Unskilled labour however can often be treated as substitutable.
Jon Murphy
Dec 23 2021 at 10:04am
Be careful here; the point about increased number of consumers increases demand for goods and services, which then also increases demand for labor, is not the same point Mill is making. Mill is arguing against the “general glut” hypothesis, that decreased spending by one group can be offset by increased spending by another.
Fred
Dec 22 2021 at 10:55am
I wish that there was a better way to display the US population shifts than a geographic map. Some of the states with large areas have low population, and some highly populated states have a small footprint. The changes in North Dakota and adjacent Montana probably reflect about seven people moving from Bismarck to Bozeman but are a large part of the map. US population changes are important, and we need to have a good way to represent them.
Thomas Lee Hutcheson
Dec 22 2021 at 11:30am
I sort of think that very few people got worried about slow gains in wages and mistakenly hit on immigration and free trade as the reasons.
Henri Hein
Dec 22 2021 at 1:04pm
That’s a great point.
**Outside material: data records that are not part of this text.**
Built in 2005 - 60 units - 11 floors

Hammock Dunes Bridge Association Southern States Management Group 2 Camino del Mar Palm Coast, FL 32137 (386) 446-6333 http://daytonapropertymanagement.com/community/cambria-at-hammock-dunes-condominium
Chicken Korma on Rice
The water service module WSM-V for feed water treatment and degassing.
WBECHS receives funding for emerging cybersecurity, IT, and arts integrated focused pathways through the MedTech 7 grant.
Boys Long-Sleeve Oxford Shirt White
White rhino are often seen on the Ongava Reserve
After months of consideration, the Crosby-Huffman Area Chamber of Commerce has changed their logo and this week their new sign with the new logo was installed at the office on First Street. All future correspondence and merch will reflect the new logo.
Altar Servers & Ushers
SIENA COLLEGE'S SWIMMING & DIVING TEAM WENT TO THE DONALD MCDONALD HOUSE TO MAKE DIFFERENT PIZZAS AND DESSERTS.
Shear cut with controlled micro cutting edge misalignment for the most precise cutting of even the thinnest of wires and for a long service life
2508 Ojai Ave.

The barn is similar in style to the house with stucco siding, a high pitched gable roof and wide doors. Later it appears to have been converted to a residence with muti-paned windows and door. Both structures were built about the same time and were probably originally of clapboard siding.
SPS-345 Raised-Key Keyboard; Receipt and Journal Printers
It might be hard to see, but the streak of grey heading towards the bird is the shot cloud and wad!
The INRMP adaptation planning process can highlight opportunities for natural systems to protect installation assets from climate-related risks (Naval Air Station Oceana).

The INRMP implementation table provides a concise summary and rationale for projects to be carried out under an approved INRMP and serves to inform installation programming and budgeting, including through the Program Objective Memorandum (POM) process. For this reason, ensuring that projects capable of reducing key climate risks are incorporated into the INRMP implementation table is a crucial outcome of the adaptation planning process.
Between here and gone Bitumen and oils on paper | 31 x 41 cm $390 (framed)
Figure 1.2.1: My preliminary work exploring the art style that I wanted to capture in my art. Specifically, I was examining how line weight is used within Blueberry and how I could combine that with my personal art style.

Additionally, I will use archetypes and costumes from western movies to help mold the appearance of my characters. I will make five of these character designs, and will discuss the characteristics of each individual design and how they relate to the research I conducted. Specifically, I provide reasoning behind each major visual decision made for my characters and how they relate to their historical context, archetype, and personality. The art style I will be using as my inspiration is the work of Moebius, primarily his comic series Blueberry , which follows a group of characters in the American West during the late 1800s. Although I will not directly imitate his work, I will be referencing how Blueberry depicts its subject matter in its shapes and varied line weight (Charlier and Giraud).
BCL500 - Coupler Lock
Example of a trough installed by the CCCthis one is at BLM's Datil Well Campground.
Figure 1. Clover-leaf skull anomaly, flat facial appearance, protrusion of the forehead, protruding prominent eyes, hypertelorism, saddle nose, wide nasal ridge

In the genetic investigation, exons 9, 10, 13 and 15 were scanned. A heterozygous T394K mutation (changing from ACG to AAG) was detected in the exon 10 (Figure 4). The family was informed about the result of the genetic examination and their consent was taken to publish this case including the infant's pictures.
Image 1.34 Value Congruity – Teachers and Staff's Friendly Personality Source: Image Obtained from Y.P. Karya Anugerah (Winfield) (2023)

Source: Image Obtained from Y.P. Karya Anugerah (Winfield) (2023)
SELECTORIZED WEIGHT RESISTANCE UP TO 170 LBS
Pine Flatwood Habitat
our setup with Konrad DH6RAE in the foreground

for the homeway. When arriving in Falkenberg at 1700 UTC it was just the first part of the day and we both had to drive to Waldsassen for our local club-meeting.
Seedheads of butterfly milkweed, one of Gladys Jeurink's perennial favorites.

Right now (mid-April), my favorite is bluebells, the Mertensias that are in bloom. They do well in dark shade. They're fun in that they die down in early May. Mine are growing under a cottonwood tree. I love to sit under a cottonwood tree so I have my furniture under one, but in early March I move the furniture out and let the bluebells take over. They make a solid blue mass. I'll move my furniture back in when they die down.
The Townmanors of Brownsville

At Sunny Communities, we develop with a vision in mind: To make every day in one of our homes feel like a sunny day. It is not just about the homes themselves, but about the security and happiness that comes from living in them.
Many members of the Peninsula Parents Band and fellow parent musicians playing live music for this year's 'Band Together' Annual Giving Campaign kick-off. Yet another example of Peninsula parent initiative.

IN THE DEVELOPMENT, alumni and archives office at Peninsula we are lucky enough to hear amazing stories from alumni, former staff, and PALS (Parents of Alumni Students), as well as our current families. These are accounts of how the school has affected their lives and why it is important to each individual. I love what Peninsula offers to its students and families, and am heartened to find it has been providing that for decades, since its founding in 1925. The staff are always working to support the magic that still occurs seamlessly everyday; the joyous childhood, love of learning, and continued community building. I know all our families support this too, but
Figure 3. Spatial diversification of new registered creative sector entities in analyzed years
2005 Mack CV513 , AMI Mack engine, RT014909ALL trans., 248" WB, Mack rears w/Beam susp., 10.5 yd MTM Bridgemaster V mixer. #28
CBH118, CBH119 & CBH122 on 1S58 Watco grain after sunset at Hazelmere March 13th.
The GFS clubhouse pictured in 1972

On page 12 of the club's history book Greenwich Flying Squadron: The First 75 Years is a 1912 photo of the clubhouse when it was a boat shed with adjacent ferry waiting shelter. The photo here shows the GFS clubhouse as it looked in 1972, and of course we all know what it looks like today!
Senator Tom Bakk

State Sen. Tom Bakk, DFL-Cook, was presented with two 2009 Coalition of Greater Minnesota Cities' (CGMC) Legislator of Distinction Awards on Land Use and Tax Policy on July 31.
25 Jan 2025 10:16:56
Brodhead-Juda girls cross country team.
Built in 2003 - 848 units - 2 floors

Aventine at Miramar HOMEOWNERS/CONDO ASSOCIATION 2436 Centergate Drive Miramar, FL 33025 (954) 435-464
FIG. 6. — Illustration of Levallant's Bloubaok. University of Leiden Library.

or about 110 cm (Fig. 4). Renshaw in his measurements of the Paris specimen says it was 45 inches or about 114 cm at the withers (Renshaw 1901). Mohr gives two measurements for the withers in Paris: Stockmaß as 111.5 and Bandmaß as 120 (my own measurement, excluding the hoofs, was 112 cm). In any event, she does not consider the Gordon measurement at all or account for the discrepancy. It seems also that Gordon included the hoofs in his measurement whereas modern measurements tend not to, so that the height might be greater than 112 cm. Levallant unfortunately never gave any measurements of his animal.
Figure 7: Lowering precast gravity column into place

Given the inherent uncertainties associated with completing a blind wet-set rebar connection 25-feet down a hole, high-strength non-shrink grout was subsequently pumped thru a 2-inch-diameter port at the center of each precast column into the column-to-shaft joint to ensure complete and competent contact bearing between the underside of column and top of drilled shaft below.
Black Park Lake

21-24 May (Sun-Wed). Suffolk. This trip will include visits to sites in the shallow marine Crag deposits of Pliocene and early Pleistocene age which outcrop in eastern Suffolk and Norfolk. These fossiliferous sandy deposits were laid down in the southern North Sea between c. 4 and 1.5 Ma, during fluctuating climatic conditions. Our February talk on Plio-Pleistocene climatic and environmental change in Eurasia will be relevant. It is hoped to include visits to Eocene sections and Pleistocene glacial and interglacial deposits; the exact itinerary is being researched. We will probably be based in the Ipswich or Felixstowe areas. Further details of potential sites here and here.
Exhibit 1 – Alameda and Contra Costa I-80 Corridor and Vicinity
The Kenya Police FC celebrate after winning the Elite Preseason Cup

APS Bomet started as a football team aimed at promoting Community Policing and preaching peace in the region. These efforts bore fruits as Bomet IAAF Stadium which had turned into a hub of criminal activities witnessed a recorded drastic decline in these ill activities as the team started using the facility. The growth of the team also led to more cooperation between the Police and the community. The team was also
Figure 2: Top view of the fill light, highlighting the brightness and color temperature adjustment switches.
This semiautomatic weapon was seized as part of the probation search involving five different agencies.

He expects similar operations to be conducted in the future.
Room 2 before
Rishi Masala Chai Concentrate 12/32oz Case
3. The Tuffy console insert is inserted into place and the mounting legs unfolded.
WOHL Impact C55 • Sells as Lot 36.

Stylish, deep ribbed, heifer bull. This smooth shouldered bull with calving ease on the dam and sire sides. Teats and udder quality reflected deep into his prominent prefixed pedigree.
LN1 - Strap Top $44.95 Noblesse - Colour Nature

I have an additional question about the case against immigration. Assume a wave of immigration. How would we even measure that the wages of natives went down during or after? Average wages in general may have gone down, but that includes the wages of the new immigrants. We don’t know if the wages of the natives went down, or if the immigrants took lower-paying jobs that would have been unfulfilled absent immigration.
Thomas Lee Hutcheson
Dec 23 2021 at 8:17am
This year’s Nobel prize for economics went to people for developing the kinds of methods needed to answer that question.
Jon Murphy
Dec 23 2021 at 10:05am
There are lots of empirical ways to answer that question. A simple way would be to look at the wages of natives (and only natives) before and after the wave.
Henri Hein
Dec 23 2021 at 1:04pm
OK. It doesn’t sound simple to me, but maybe it’s just because I wouldn’t know how to do it. You could do it with surveying, I suppose, but I’m not a big fan of survey data.
Ken P
Dec 23 2021 at 1:41am
I’m very skeptical of that theory. More likely is that people left areas with high Covid restrictions for areas that maintained more freedom.
It’s a pretty big change to pull up your roots and move across country, so I’m sure there is a multitude of contributing factors. It’s an even bigger move to move to another country and we really should be more welcoming to people who make that choice and chose our country.
Lizard Man
Dec 23 2021 at 2:33pm
When urban land (housing) is the limiting factor of production, won’t population growth be very likely to lower wages via increases in rent and house prices? Isn’t that the reason why California has the highest poverty rate in the nation (PPP adjusted) when it also has the highest nominal wages?